Heart Facts – 28 Interesting Facts About Heart

heart facts

Heart facts: Interesting facts about heart. The heart has been quoted in poems and writings as something related to emotions. However this is not true but still it is the most important organ of the body after the brain and for a long life expectancy it must be kept in fit and prime state.

Heart Facts

The heart is the strongest muscle in the body which contracts and relaxes and pumps blood from birth to death. The only other muscle which can reach anywhere near the efficiency and performance of the cardiac muscles is the uterine muscles which contracts at child birth. However it is active for a small period of time.

Heart diseases are the number one killer of Americans.

Depressions and stress augments the risk of having a heart attack.

Depression puts you at higher risk for having a heart attack. Depression is particularly bad in females and it makes the risk of having a heart attack twice as compared to males.

The heart rarely gets a respite and works 24 -7-365 days as long as one lives.
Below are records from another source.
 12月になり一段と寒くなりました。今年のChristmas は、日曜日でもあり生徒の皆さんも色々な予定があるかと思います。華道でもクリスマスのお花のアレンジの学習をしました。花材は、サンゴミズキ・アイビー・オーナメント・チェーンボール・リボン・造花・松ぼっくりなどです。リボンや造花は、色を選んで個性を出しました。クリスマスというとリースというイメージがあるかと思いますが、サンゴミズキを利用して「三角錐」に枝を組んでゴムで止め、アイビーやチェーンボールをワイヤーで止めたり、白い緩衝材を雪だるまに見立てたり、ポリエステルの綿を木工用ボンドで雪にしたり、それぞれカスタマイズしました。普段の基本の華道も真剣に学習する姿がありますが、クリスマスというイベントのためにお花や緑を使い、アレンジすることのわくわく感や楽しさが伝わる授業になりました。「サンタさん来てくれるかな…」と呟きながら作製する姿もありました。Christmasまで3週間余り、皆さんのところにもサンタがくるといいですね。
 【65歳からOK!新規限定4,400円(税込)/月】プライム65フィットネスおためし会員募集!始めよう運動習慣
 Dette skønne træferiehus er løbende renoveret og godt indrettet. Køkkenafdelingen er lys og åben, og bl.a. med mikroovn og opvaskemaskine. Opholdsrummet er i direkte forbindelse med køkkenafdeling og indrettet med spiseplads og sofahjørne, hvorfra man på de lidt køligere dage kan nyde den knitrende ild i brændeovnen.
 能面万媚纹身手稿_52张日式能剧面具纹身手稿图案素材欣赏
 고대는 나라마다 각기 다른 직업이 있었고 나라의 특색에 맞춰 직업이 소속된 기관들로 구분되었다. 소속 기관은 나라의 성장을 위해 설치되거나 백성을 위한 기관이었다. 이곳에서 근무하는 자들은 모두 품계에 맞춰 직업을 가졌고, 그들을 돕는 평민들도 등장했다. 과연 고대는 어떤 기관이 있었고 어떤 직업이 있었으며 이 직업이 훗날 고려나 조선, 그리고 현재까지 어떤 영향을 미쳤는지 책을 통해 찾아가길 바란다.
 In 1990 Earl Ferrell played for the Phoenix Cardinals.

It gets a little rest when a person is sleeping but never stops.

The heart of an average person beats 100000 times a day. Roughly calculated it means once every second or 60 to 100 times in a minute. However it could also beat at 86000 a day or up to 144000 times per day.
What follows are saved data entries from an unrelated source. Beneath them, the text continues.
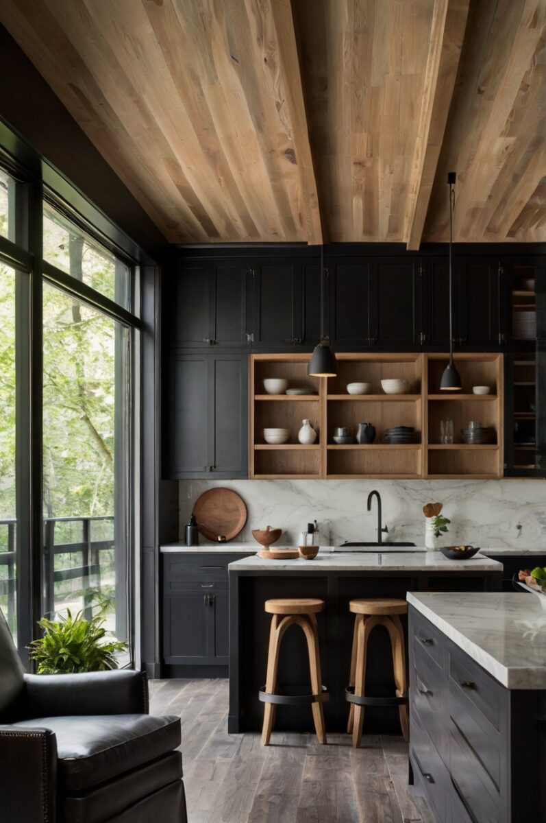 🏡 Start Creating FREE →Architectural Interest: White Oak Ceiling Beams Adding Warmth to Black Kitchen Design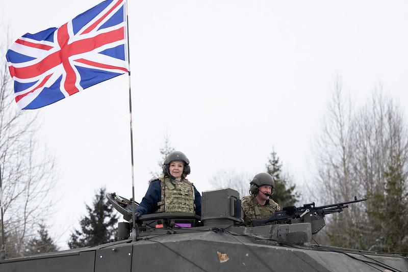 英國外交大臣特拉斯(左)上周訪問駐愛沙尼亞英軍部隊。圖源:推特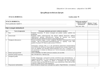 Załącznik nr 1 do wzoru umowy – załącznik nr 5 do SIWZ Specyfikacja techniczna Sprzętu STACJA ROBOCZA Liczba sztuk: 70 STACJA ROBOCZA, Nazwa producenta i model (*)………………………………………………………………………………………………. Deklaracja zgodności z opisem wymagań RóŜnice / Uwagi / minimalnymi Oferowany sprzęt (np. TAK / NIE) Opis wymagań minimalnych Lp. 1. Typ Nazwa komponentu 2. Zastosowanie 3. Wydajność obliczeniowa 4. 5. 6. 7. Pamięć operacyjna RAM Parametry pamięci masowej Wydajność grafiki WyposaŜenie multimedialne Wymagane minimalne parametry techniczne monitora Komputer stacjonarny. W ofercie wymagane jest podanie modelu, symbolu oraz producenta Komputer będzie wykorzystywany dla potrzeb aplikacji biurowych, aplikacji edukacyjnych, aplikacji obliczeniowych, dostępu do internetu oraz poczty elektronicznej, jako lokalna baza danych, stacja programistyczna Procesor powinien osiągać w teście wydajności PassMark PerformanceTest (wynik dostępny: http://www.passmark.com/products/pt.htm) co najmniej wynik 4046 punktów Passmark CPU Mark (wynik na dzień 27/09/2011) Zamawiający zastrzega sobie, iŜ w celu sprawdzenia poprawności przeprowadzenia testu Oferent musi dostarczyć Zamawiającemu oprogramowanie testujące, komputer do testu oraz dokładny opis metodyki przeprowadzonego testu wraz z wynikami w celu ich sprawdzenia w terminie nie dłuŜszym niŜ 3 dni od otrzymania zawiadomienia od Zamawiającego. 4GB (2x2048MB) 1333 MHz moŜliwość rozbudowy do min 8GB, Min. 250 GB SATA, 7200 obr./min. Grafika zintegrowana z procesorem powinna umoŜliwiać pracę dwumonitorową ze wsparciem dla HDMI v1.4 z 3D, ze sprzętowym wsparciem dla kodowania H.264 oraz MPEG2, DirectX 10.1, OpenGL 3.0, Shader 4.1 posiadająca min. 6EU (Graphics Execution Units) oraz Dual HD HW Decode o max rozdzielczości 2560x1600 @ 60Hz (cyfrowo) i 2048x1536 @ 75Hz (analogowo) Karta dźwiękowa zintegrowana z płytą główną, zgodna z High Definition, wewnętrzny 1 głośnik 2W w obudowie komputera Porty słuchawek i mikrofonu na przednim oraz na tylnym panelu obudowy. 8. Obudowa − Małogabarytowa typu Ultra Small Form Chassis, fabrycznie przystosowana do pracy w układzie pionowym i poziomym, umoŜliwiająca montaŜ 1szt zewnętrznego napędu optycznego 5,25” typu „slim” oraz wewnątrz obudowy 1 szt 2,5” dysku twardego − Maksymalna suma wymiarów obudowy nie moŜe przekraczać: 545mm; (240 x 65 x 240 mm), waga max 3,5 kg − Zasilacz w obudowie komputera o mocy max 200W i wydajności 90% − W celu szybkiej weryfikacji usterki w obudowę komputera musi być wbudowany wizualny system diagnostyczny, słuŜący do sygnalizowania i diagnozowania problemów z komputerem i jego komponentami; a w szczególności musi sygnalizować: Przebieg procesu POST Awarię BIOS-u Awarię procesora Uszkodzenia lub braku pamięci RAM, uszkodzenia złączy PCI i PCIe, kontrolera Video, płyty głównej, kontrolera USB 9. Zgodność z systemami operacyjnymi i Oferowane modele komputerów muszą posiadać certyfikat Microsoft, potwierdzający standardami poprawną współpracę oferowanych modeli komputerów z systemem operacyjnym Windows 7 32bit i 64bit (załączyć wydruk ze strony Microsoft WHCL) 10. Bezpieczeństwo Zintegrowany z płytą główną dedykowany układ sprzętowy słuŜący do tworzenia i zarządzania wygenerowanymi przez komputer kluczami szyfrowania. Zabezpieczenie to musi posiadać moŜliwość szyfrowania poufnych dokumentów przechowywanych na dysku twardym przy uŜyciu klucza sprzętowego. 11. BIOS - BIOS zgodny ze specyfikacją UEFI - MoŜliwość, bez uruchamiania systemu operacyjnego z dysku twardego komputera lub innych podłączonych do niego urządzeń zewnętrznych odczytania z BIOS informacji o: a/ wersji BIOS, b/ nr seryjnym komputera wraz z datą jego wyprodukowania, c/ ilości i sposobu obłoŜenia slotów pamięciami RAM, d/ typie procesora wraz z informacją o ilości rdzeni, wielkości pamięci cache L2 i L3, pojemności zainstalowanego dysku twardego e/ rodzajach napędów optycznych f/ MAC adresie zintegrowanej karty sieciowej g/ kontrolerze audio - Funkcja blokowania wejścia do BIOS oraz blokowania startu systemu operacyjnego, (gwarantujący utrzymanie zapisanego hasła nawet w przypadku odłączenia wszystkich źródeł zasilania i podtrzymania BIOS) - Funkcja blokowania/odblokowania BOOT-owania stacji roboczej z zewnętrznych 2 urządzeń MoŜliwość polegająca na kontrolowaniu urządzeń wykorzystujących magistralę komunikacyjną PCI, bez uruchamiania systemu operacyjnego z dysku twardego komputera lub innych podłączonych do niego urządzeń zewnętrznych. Pod pojęciem kontroli Zamawiający rozumie funkcjonalność polegającą na blokowaniu/odblokowaniu slotów PCI. - MoŜliwość, bez uruchamiania systemu operacyjnego z dysku twardego komputera lub innych, podłączonych do niego urządzeń zewnętrznych, ustawienia hasła na poziomie systemu, administratora oraz dysku twardego oraz moŜliwość ustawienia następujących zaleŜności pomiędzy nimi: brak moŜliwości zmiany hasła pozwalającego na uruchomienie systemu bez podania hasła administratora. - Musi posiadać moŜliwość ustawienia zaleŜności pomiędzy hasłem administratora a hasłem systemowy tak, aby nie było moŜliwe wprowadzenie zmian w BIOS wyłącznie po podaniu hasła systemowego. Funkcja ta ma wymuszać podanie hasła administratora przy próbie zmiany ustawień BIOS w sytuacji, gdy zostało podane hasło systemowe. - MoŜliwość włączenia/wyłączenia zintegrowanej karty dźwiękowej, karty sieciowej, portu równoległego, portu szeregowego z poziomu BIOS, bez uruchamiania systemu operacyjnego z dysku twardego komputera lub innych, podłączonych do niego, urządzeń zewnętrznych. - MoŜliwość ustawienia portów USB w trybie „no BOOT”, czyli podczas startu komputer nie wykrywa urządzeń bootujących typu USB, natomia

The heart rate depends upon a number of factor including age and fitness levels. As a child grows older the rate falls. A new born baby’s heart beats from 70 to 100 beats per minute while that of an athlete can be 40 to 60 bpm mainly because the fitness makes the heart beat more efficiently and pump more blood in every beat.

The heart is made up of three layers of cells –the outer protective cover, pericardium, a thick muscular layer of specialized cells which makes much of the thick muscular wall and endocardium which is the thin inner layer of the heart.

The heart is just like a pump which pumps five quarts of blood through an intricate and complex net of blood vessels which can extend up to 60000 miles.

The heart of a human like most mammals have four chambers which keeps the oxygenated and the deoxygenated or impure completely separate. The heart has a complex system of valves which ensures that blood does not flow in the reverse direction or gets mixed with impure blood.